(DATA)
*** Begin section ***

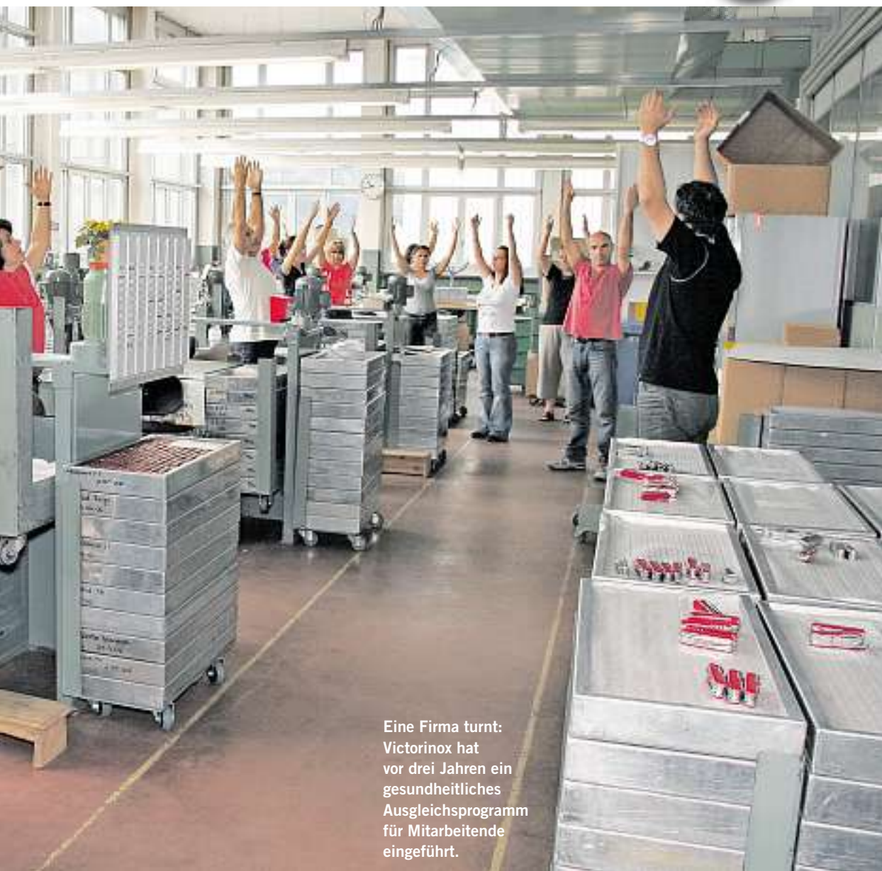
Eine Firma turnt: Victorinox hat vor drei Jahren ein gesundheitliches Ausgleichsprogramm für Mitarbeitende eingeführt.
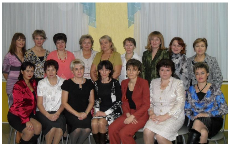
Коллектив педагогов МБДОУ №16 «Сказка», 2015 год

Сегодня мы, конечно, говорим огромное спасибо тем людям, кто стоял у самых истоков. Это ветераны педагогического труда, посвятившие свою жизнь воспитанию подрастающего поколения.

*** End section ***

Could the data above be repeated exactly, with every picture dropped?

Eine Firma turnt: Victorinox hat vor drei Jahren ein gesundheitliches Ausgleichsprogramm für Mitarbeitende eingeführt.
Коллектив педагогов МБДОУ №16 «Сказка», 2015 год

Сегодня мы, конечно, говорим огромное спасибо тем людям, кто стоял у самых истоков. Это ветераны педагогического труда, посвятившие свою жизнь воспитанию подрастающего поколения.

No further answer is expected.